Most will have been trained by George Wolfe of L.A. River Expeditions, who led 2008’s historic 51-mile paddle down the length of the river.

That trip led to the River’s been recertified as “navigable” by the federal government in the summer of 2010--opening up many avenues for financial and public support of waterfront access programs.

Two trips on Saturday and another two on Sunday will depart from the waters below 6300 Balboa Boulevard.

The paddles will continue through September 25th.

Cooperation of Many Made Paddles Possible

Lewis McAdams, who founded the Friends of the Los Angeles River (FOLAR) long ago, perhaps said it best when he said, “It takes a village to open up a river.”

The U.S. Army Corps of Engineers—in particular Col. Mark Toy—might agree.  Toy issued the a license for non-motorized boating that made the pilot tour program possible on July 22.

Many other community groups and city politicians and officials also helped things along including Council member Ed Reyes who represents parts of Echo Park.

Reyes, an urbanist who grew up near the river, has been a long-time advocate for making the it a centerpiece of  the Los Angeles life.

Glendale Narrows in Frogtown Could Get Similar Program Next Year

Wolfe and  Reyes hope to see a similar program at the Glendale Narrows section of the river, perhaps by next summer.

The Narrows stretches through Frogtown and the Elysian Valley.

Like the Sepulveda Dam stretch, it is particularly "river-like" because it has a natural bottom instead of concrete.

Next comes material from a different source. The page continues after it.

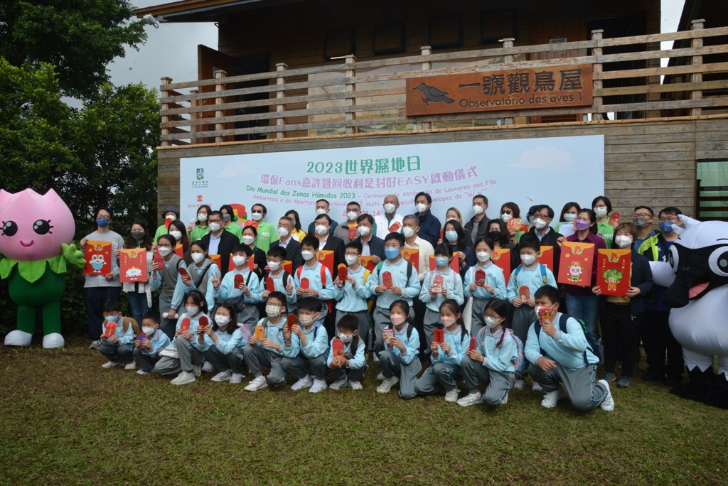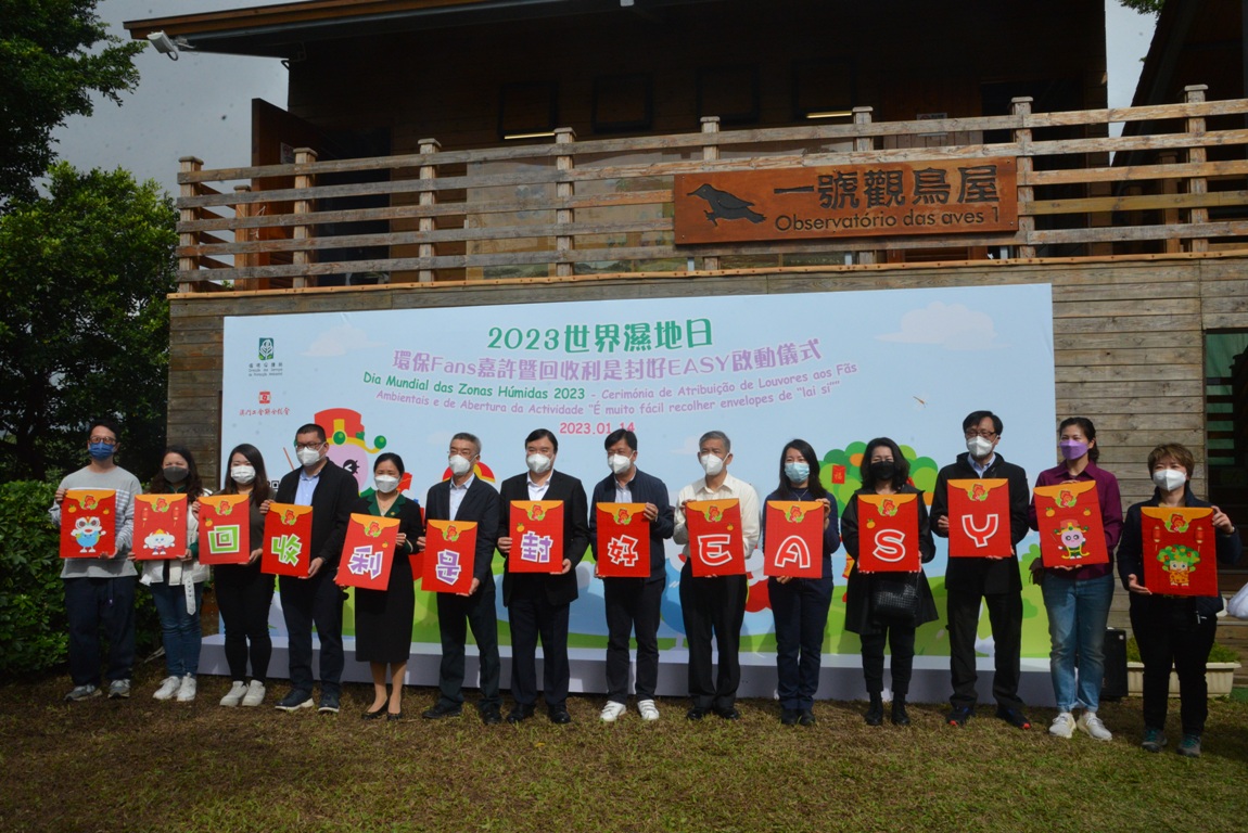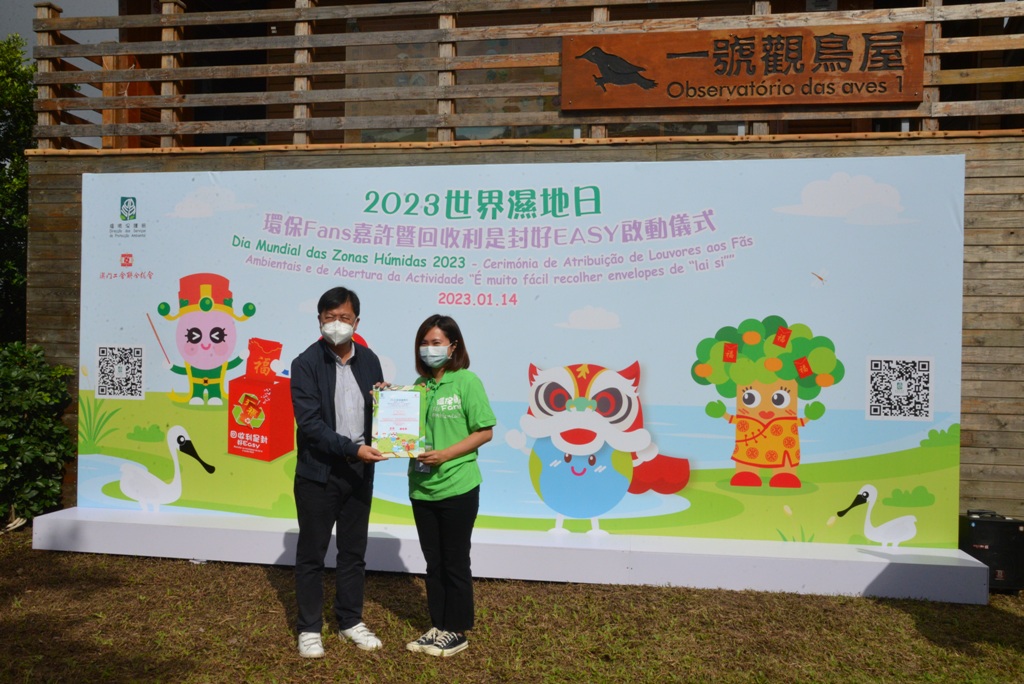 环境保护局为响应2月2日的世界湿地日,于2023年1月14日在路氹城生态保护区举行2023世界湿地日—环保Fans嘉许暨回收利是封好EASY启动仪式。由环境保护局谭伟文局长及“环保Fun”之环保行为攞满Fun活动的协办单位澳门工会联合总会副会长张国然,向协助路氹城生态保护区导赏表现出色的环保Fans进行嘉许。

However, not everyone agrees that boat traffic through the area would be a good thing.

Birders, in particular, worry that it could shake up the eco-balance.

Fee for Trip Includes Education and Safety Aspect

Others may gripe about being charged a fee for the right to enjoy a nearly public river.

The $53.75 fee covers the equipment and supervising of two guides--one from the Los Angeles Conservation Corp and a second, swift-water trained ranger from Mountain Recreation and Conservation Authority.

It's safety and education you wouldn't get on your own.